Mark O'Brien

Personal information
- Date of birth: 13 May 1984 (age 41)
- Place of birth: Dublin, Ireland
- Position: Central midfielder

Youth career
- Belvedere

Senior career*
- Years: Team / Apps / (Gls)
- 2002–2004: Shamrock Rovers / 27 / (3)
- 2005–2007: Bohemians / 19 / (0)
- 2006: → Shamrock Rovers (loan) / 11 / (0)
- 2007: → Shelbourne (loan) / 18 / (1)
- 2007–2009: Shelbourne / 60 / (3)
- 2010: Bray Wanderers / 4 / (0)
- 2010: Shelbourne / 0 / (0)
- 2011–2012: Drogheda United / 44 / (2)
- 2012: Dundalk / 0 / (0)
- 2015–????: Drogheda United / 0 / (0)

International career
- Republic of Ireland U18

= Mark O'Brien (footballer, born 1984) =

Irish footballer

Mark O'Brien (born 13 May 1984) is an Irish former professional footballer who played as a central midfielder.
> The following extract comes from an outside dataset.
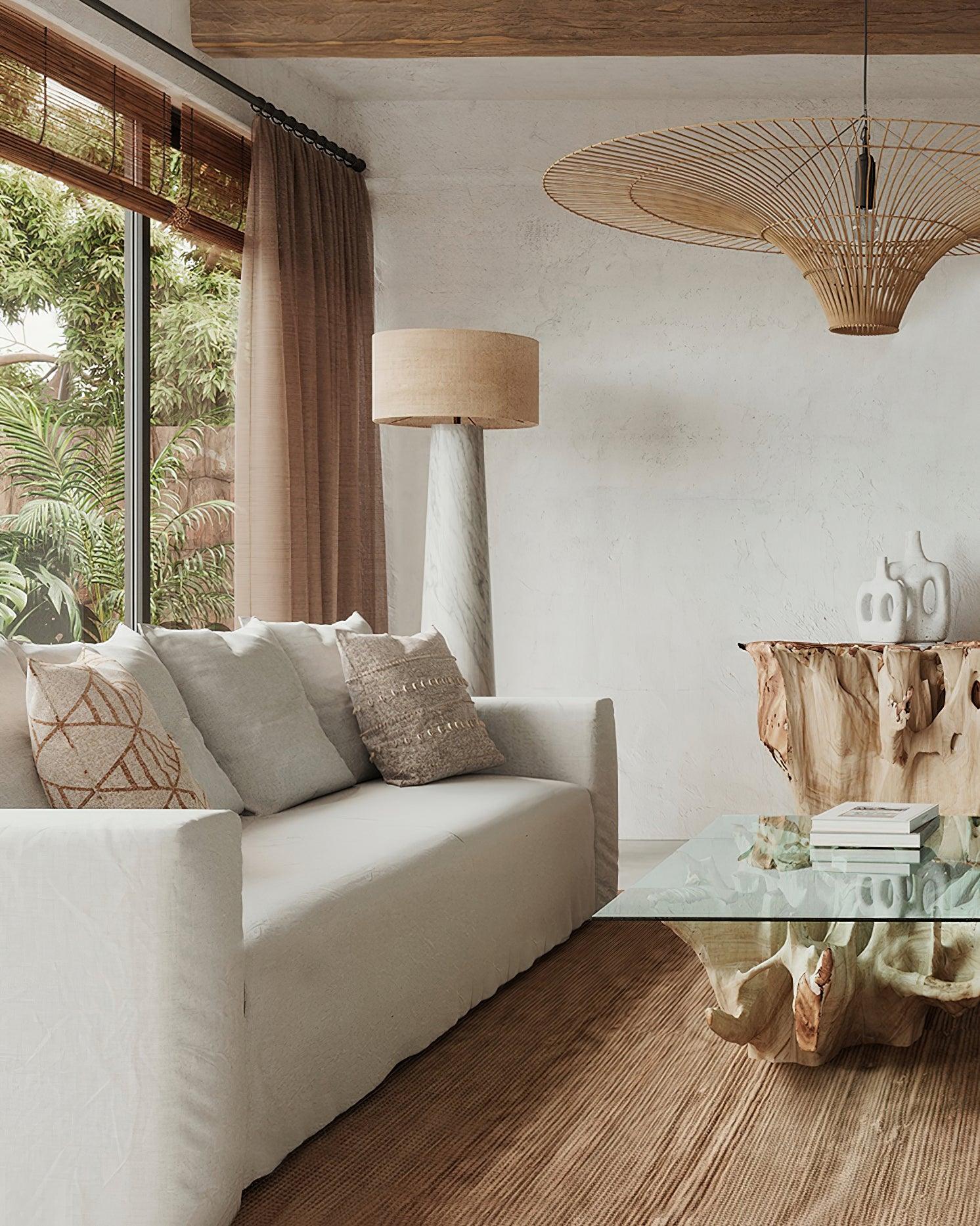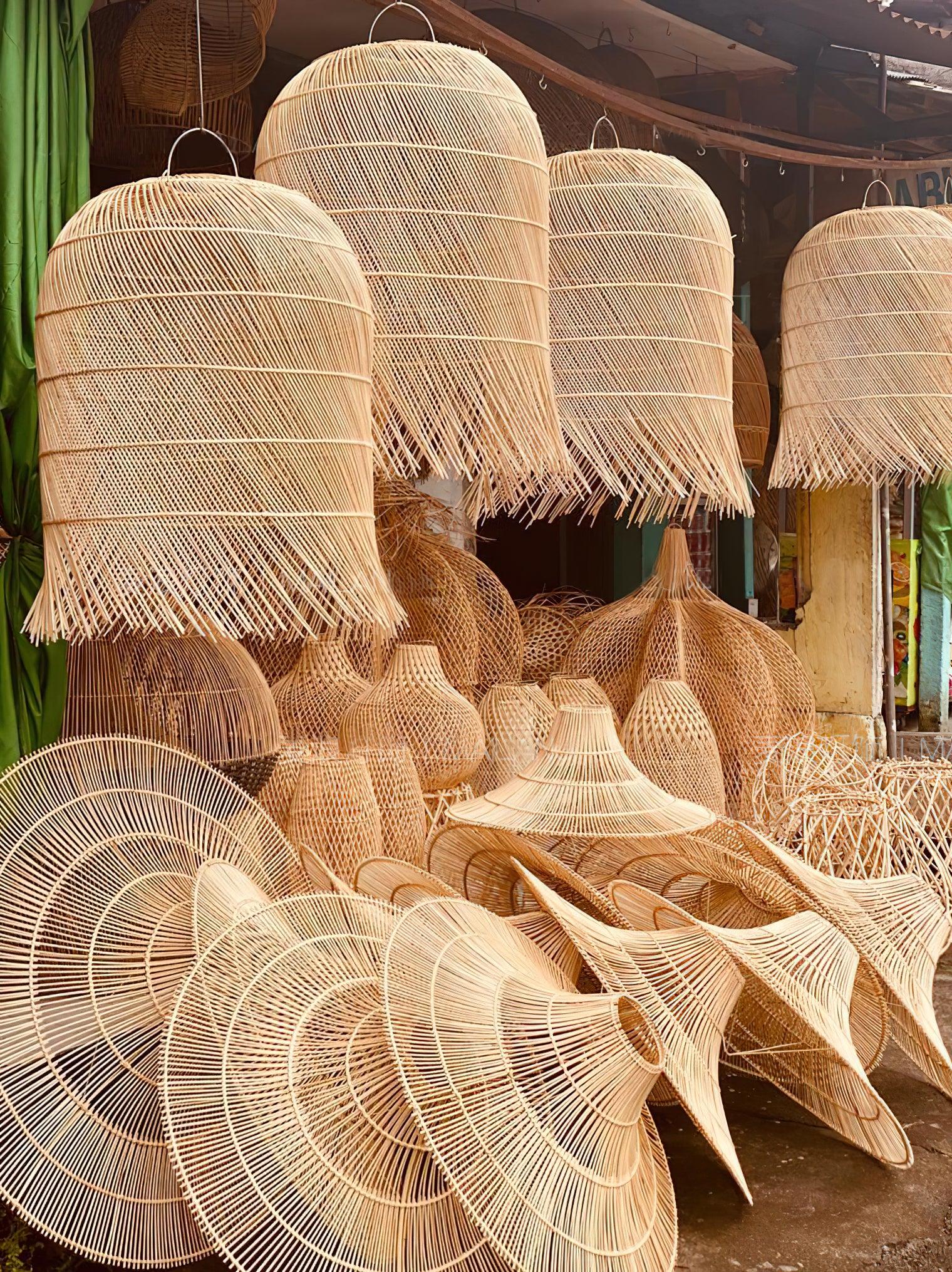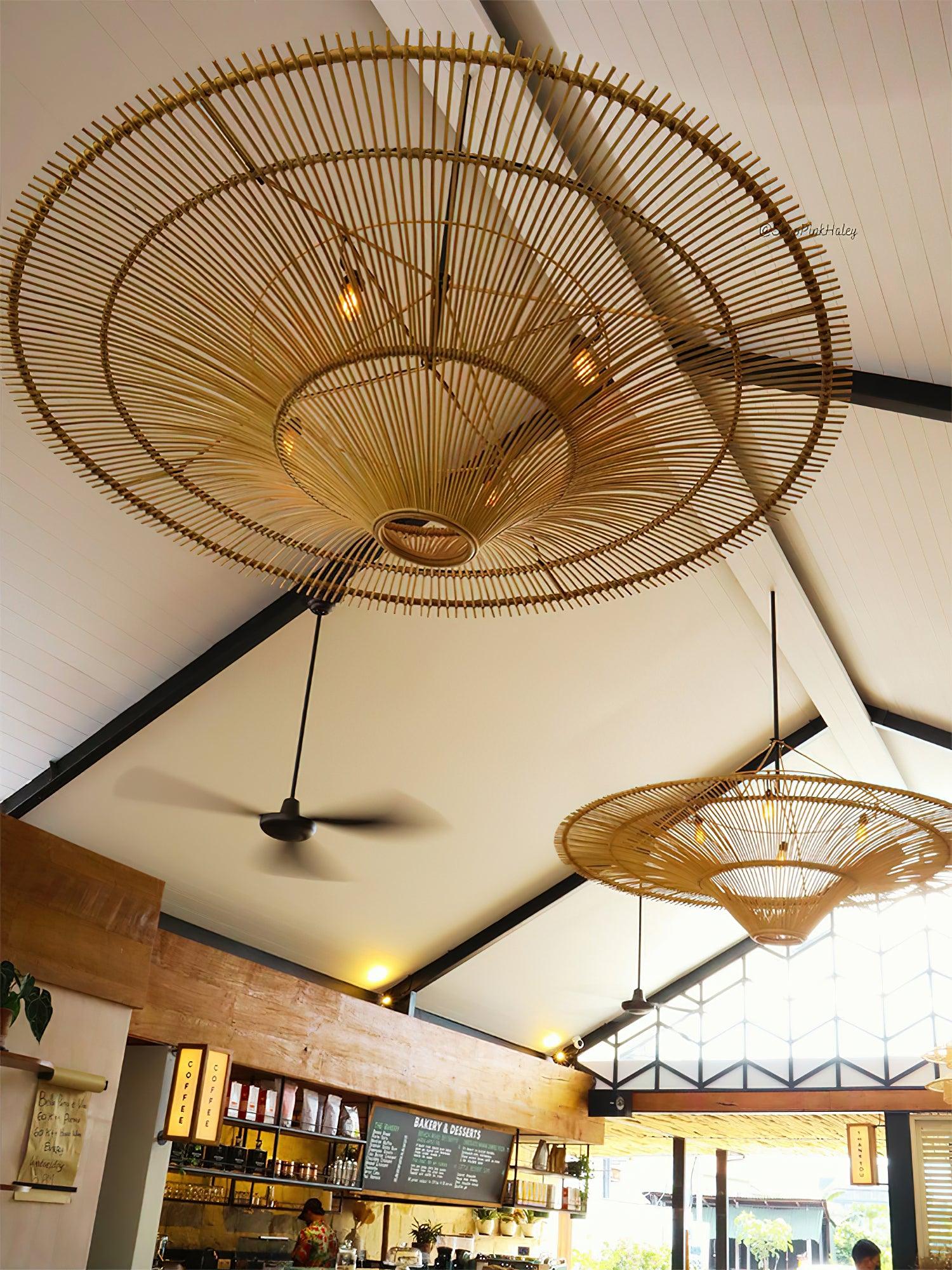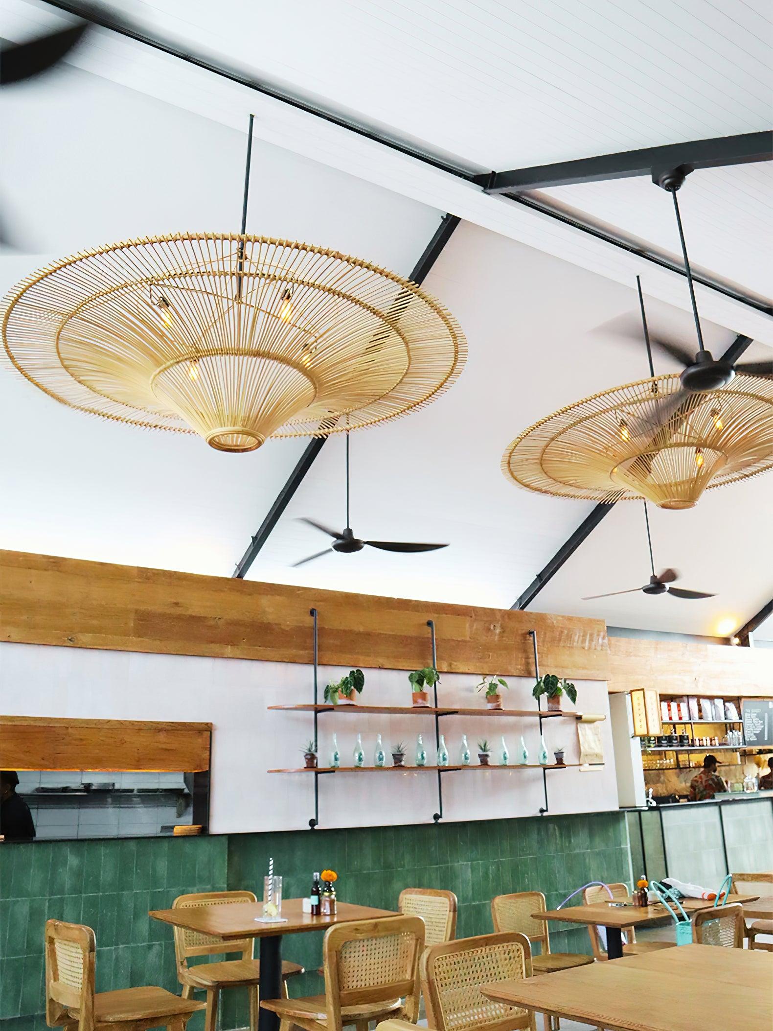 This sprawling rattan shade feels natural but makes a big statement. The irregular edging of the rattan enhances the rustic feel and the Vintage natural rattan finish adds subtle sophistication and a warm glow. Hang this one-light pendant over a dining table or in a larger living space to add a modern organic vibe.

O'Brien comes from a footballing background as his father Derek played for Shamrock Rovers from 1981 to 1983 and his uncles Fran and Ray both played for Ireland. His younger brother Colin played alongside him at Shelbourne.

==Career==

===Early years===
O'Brien was born in Dublin, Ireland. He played for Belvedere at youth level and made several appearances at under-age level for Ireland. He began his senior career at Shamrock Rovers making his debut on 7 May 2003 in a League of Ireland Cup tie against Bray Wanderers. He impressed enough to win the Young Player of the Year at the club in 2004.

===Bohemians===
O'Brien then signed for bitter rivals Bohemians for the 2005 season and he made his debut for Bohs against his former club Shamrock Rovers on 18 March 2005 at Dalymount Park. He never showed the same form at Bohemians and midway through the 2006 season, he returned to Shamrock Rovers on loan where he helped the Hoops to the First Division title. After his loan spell finished at the end of the 2006 season, he returned to Bohemians but had failed to appear for the first team during the 2007 season only making under-21 appearances.

===Shelbourne===
In need to restart his flagging career, O'Brien departed Bohemians to sign on loan for nearby rivals Shelbourne in July 2007. Mark made his Shelbourne debut on 6 July 2007 against Wexford Youths at Tolka Park in a 1–0 win for Shels and he scored his first Shels goal during a 4–1 victory over Athlone Town at Lissywoollen on 12 October 2007.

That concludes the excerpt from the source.